» EXERCISE REQUIREMENTS:
Look through the entries below and copy exactly the part that begins with the line containing "اتحاد المغرب العربي" and ends with the line containing "El próximo jueves". Do not copy the pictures.

» RECORDS FOR THE TASK:
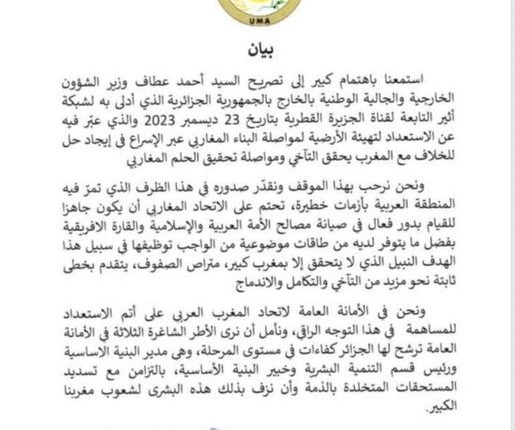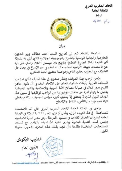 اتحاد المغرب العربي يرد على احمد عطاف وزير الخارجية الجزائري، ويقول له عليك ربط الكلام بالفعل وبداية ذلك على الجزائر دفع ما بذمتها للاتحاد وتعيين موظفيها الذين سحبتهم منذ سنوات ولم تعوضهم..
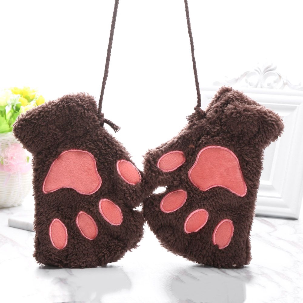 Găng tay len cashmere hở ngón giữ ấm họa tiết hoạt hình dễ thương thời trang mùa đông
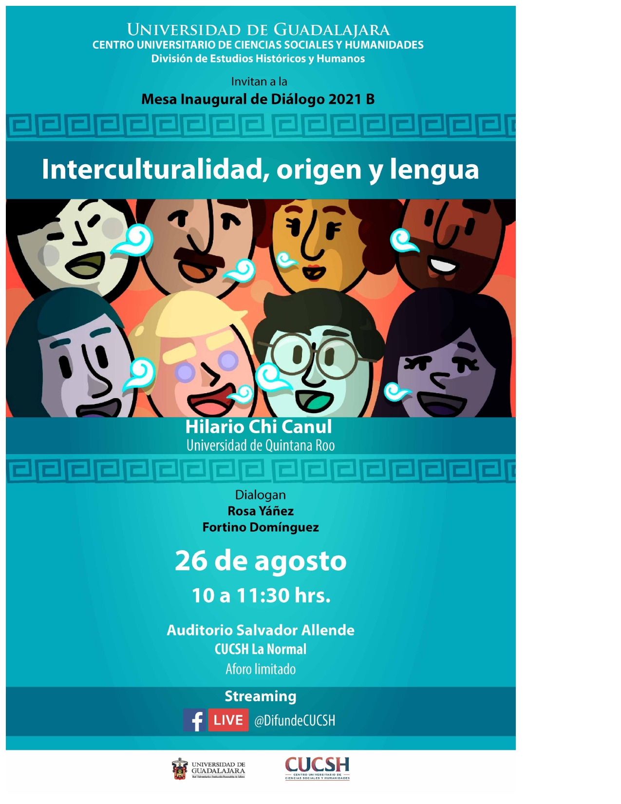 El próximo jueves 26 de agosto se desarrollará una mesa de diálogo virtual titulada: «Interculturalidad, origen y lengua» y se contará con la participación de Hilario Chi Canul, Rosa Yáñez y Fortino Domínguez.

...

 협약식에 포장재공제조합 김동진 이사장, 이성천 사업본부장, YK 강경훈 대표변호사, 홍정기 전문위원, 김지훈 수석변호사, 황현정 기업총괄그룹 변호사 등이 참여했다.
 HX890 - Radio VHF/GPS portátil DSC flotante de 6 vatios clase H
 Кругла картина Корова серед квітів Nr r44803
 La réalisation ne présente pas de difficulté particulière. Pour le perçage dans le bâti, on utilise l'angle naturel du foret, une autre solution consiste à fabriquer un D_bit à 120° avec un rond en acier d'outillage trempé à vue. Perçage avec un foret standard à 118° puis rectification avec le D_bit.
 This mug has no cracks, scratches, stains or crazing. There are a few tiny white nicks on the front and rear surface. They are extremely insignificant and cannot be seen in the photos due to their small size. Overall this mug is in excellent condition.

» SOLUTION TO THIS PROBLEM:
 اتحاد المغرب العربي يرد على احمد عطاف وزير الخارجية الجزائري، ويقول له عليك ربط الكلام بالفعل وبداية ذلك على الجزائر دفع ما بذمتها للاتحاد وتعيين موظفيها الذين سحبتهم منذ سنوات ولم تعوضهم..
 Găng tay len cashmere hở ngón giữ ấm họa tiết hoạt hình dễ thương thời trang mùa đông
 El próximo jueves 26 de agosto se desarrollará una mesa de diálogo virtual titulada: «Interculturalidad, origen y lengua» y se contará con la participación de Hilario Chi Canul, Rosa Yáñez y Fortino Domínguez.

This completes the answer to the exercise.